Shares are up over 5% in early trading today and have rallied over 23% since the encouraging contract win in North America, announced last week.
Core business and acquisitions performing well
Tracsis highlight that the core business is performing "in line with expectations" and that the two acquired companies, Ontrac and SEP, trading well and performing "to expectation":
"Rail Technology & Services Division...once again experienced good organic growth and continues to expand
Traffic & Data Services Division grew their market position and remain the foremost traffic data business within the UK
Ontrac securing several major orders for its software products, hosting and bespoke development work
SEP experiencing a record year of trading bolstered by a busy summer calendar of events whilst working on several intra-Group technology initiatives"
Tracsis has announced FY 2016 Revenues of £32m with a strong H2 delivering £18m.
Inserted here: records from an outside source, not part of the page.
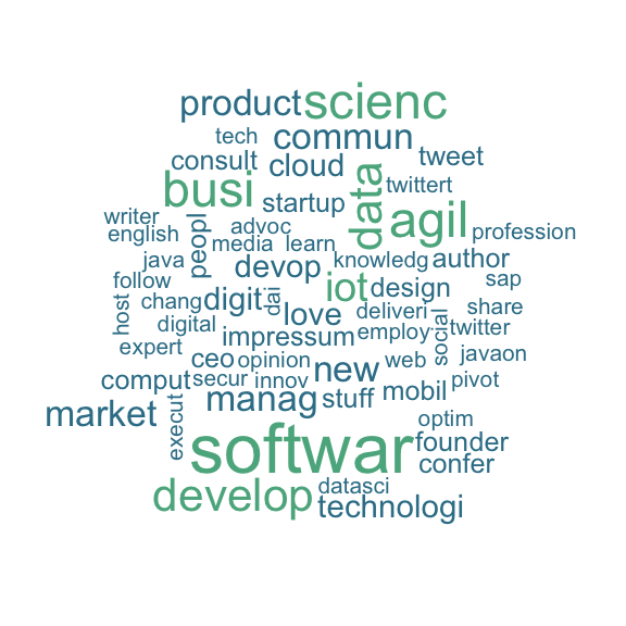 Nicht überraschend finden wir software, development, agil und business unter den häufigsten Wörtern. Aber auch IoT (Internet of Things), data und science werden häufig in den Profilbeschreibungen unserer einflußreichen Follower genannt!
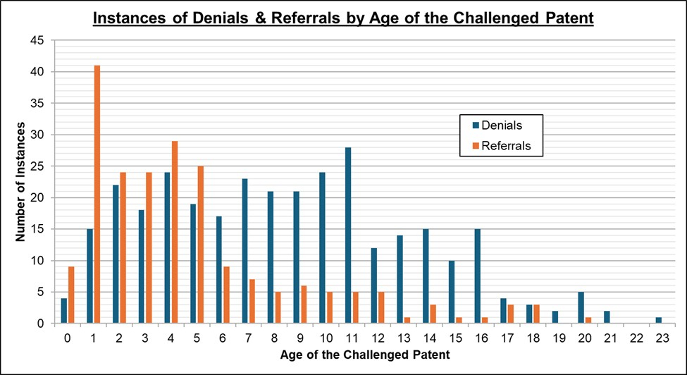 As shown above, settled expectations is the most common factor that favors denial in a discretionary denial. Settled expectations depends heavily on the age of the challenged patent. The following graph depicts discretionary denial success as related to the age of the challenged patent. While each petition challenges one patent, the same patent is sometimes challenged by serial petitions. Each challenge counts as one data point, so if a patent was challenged twice, both challenges are represented in the graph. Thus, successful and unsuccessful challenges to the same patent are counted. Each patent's age is also rounded down to the nearest full year (e.g., a 5-years-and-11-months-old patent is considered 5 years old).
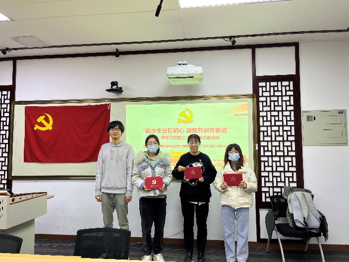 为了凝聚共识,激发支部党员学习领会党的二十大精神的活力,支部举办了“政治生日忆初心,凝聚共识齐奋进”主题活动。邀请了十一月迎来政治生日的三位同志为支部党员分享个人入党故事,支部书记向三位同志发放纪念贺卡,鼓励三位同志继续认真工作,刻苦钻研,不忘初心,牢记使命,永葆一名共产党员的政治底色。

It highlights this is ahead of expectations but also that it expects EBITDA and profit to be in line following one-offs:
"Revenues for the year were in excess of £32m (2015: £25.4m, a rise of 26%) which is comfortably ahead of market expectations
H2 revenues exceeded £18m (H1 2016: £14.3m), and profitability was also stronger in the second half (H1 2016: EBITDA £3.4m, Adjusted Profit £3.0m)."
Whilst revenue appears to be ahead of market expectations, Management maintain guidance for FY 2016 profits at in line, citing one off costs that the business experieced related to its two acquitions and one disposal:
"Adjusted EBITDA and Adjusted Profit for the year ended 31 July 2016 are expected to be in line with market expectations
Profit before Tax will include the exceptional costs incurred in relation to the acquisitions made (i.e. legal and due diligence costs) and the disposal of the Australian non-core operations which crystallised a non-cash loss."
Another company experiencing no Brexit impact
Tracsis also comment on how trading across the group has been affected by the EU Referendum vote. Like many other companies that have reported recently, it has seen no material impact on trading:
"Following the EU Referendum decision, the Group has not experienced any material change in business activity or demand for its products and services. Whilst it is too early to assess the long term implications of this decision, the Group has not made any changes to financial forecasts in light of this."